## The problem:
Give back an exact copy of the lines in the records below, from the line that has "Modern Minimal Gold" through the line that has "今日のイカチリソースは、20", and nothing besides.
------ Recorded data ------
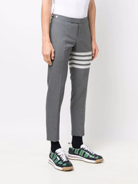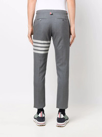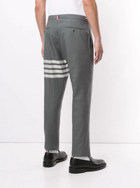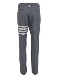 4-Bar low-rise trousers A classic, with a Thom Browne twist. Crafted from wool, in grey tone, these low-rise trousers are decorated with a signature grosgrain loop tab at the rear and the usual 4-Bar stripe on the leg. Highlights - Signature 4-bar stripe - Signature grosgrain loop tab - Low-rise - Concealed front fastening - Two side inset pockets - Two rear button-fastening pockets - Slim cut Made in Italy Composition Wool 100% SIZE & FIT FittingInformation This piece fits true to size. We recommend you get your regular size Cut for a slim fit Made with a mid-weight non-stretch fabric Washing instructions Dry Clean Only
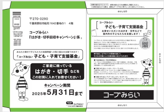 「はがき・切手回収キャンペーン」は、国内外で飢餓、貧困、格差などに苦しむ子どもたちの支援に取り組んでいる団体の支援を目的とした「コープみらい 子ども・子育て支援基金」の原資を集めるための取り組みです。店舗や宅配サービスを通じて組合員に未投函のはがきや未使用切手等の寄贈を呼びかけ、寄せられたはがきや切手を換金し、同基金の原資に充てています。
------
------ Recorded data ------
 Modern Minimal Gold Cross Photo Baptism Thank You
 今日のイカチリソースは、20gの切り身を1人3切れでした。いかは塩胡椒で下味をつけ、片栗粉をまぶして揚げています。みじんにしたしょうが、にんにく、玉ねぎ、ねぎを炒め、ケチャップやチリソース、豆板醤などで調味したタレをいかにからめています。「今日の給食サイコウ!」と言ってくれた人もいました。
------
------ Recorded data ------
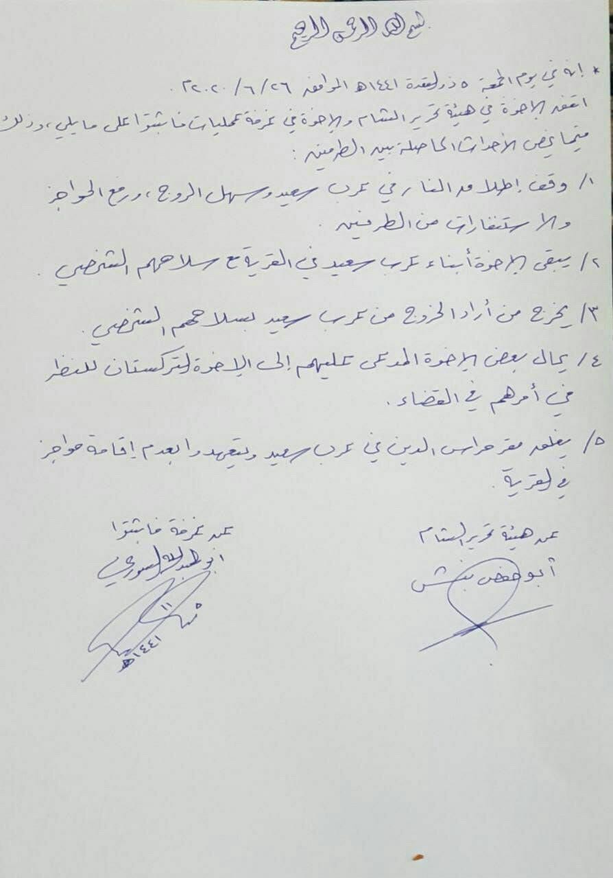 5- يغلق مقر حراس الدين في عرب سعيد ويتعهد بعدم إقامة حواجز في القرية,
------
## Result for this exercise:
 Modern Minimal Gold Cross Photo Baptism Thank You
 今日のイカチリソースは、20gの切り身を1人3切れでした。いかは塩胡椒で下味をつけ、片栗粉をまぶして揚げています。みじんにしたしょうが、にんにく、玉ねぎ、ねぎを炒め、ケチャップやチリソース、豆板醤などで調味したタレをいかにからめています。「今日の給食サイコウ!」と言ってくれた人もいました。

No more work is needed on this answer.